The everyday problem: given one bolt and a collection of n nuts of different sizes, find a nut match the bolt (i.e., the nut is the same size as the bolt) 每天的問題:給定一個螺栓和 n 個不同大小的螺帽,找到一個螺帽與螺栓配對(即螺帽的大小與螺栓相同)

In mathematical form: given an array of n elements, find the first element of which the value equals to x 數學形式:給定一個包含 n 個元素的數組,找到第一個值等於 x 的元素

How to solve it using algorithms? How to solve it efficiently? 如何使用算法解決它?如何有效地解決它?

Solving Problem 1 using Randomise algorithms 用隨機算法解決問題 1

The problem: given an array of n elements, find the first element of which the value equals to x 這個問題:給定一個包含 n 個元素的數組,找到第一個值等於 x 的元素

Solution to Problem 1

Solution 1: Las Vegas algorithm 拉斯維加斯算法

begin
repeat
Randomly select one element a out of n elements.
until a == x
end

Solution 2: Monte Carlo algorithm 蒙特卡羅算法

begin
i := 0
repeat
Randomly select one element a out of n elements.
i := i + 1
until (a == x)||(i == k)
end

Problem 2: How can you help a disorganised carpenter? 如何幫助一個不太有條理的木匠?
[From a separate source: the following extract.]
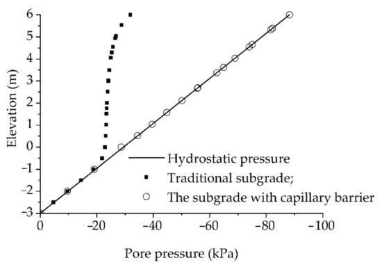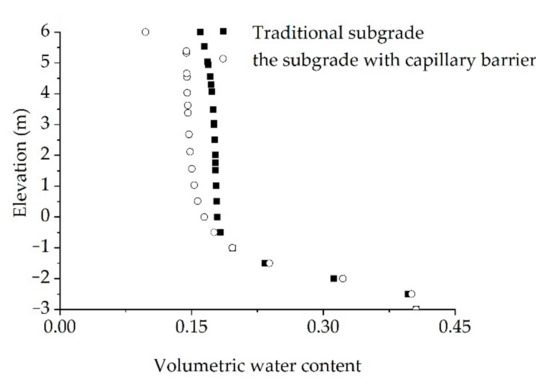 Figure 7 shows the change trend in the volumetric moisture content with elevation. The volumetric moisture content in the subgrade (elevation 0–6 m) was basically constant, which was mainly because the pore-water pressure in the subgrade was basically greater than the inflow value of the fill. In this case, a very small change in the water content caused a huge change in the pore-water pressure. The water-holding capacity of conventional subgrade was basically maintained at 0.17, while the water content of the subgrade with capillary barrier was at 0.14. Compared with the conventional subgrade, the moisture content of the subgrade protected by the capillary barrier was reduced by 18%.

A disorganized carpenter has a collection of n nuts of distinct sizes and n bolts and would like to find the corresponding pairs of bolts and nuts. Each nut matches exactly one bolt (and vice versa), and he can only compare nuts to bolts i.e., he can neither compare nuts to nuts nor bolts to bolts. The carpenter is disorganised and does not know which nut matches which bolt. 一個不太有條理的木匠有 n 個不同大小的螺帽和 n 個螺栓,他想要找到對應的螺栓和螺帽。每個螺帽與一個螺栓完全匹配(反之亦然),他只能比較螺帽與螺栓,即他不能比較螺帽與螺帽,也不能比較螺栓與螺栓。木匠不太有條理,不知道哪個螺帽與哪個螺栓匹配。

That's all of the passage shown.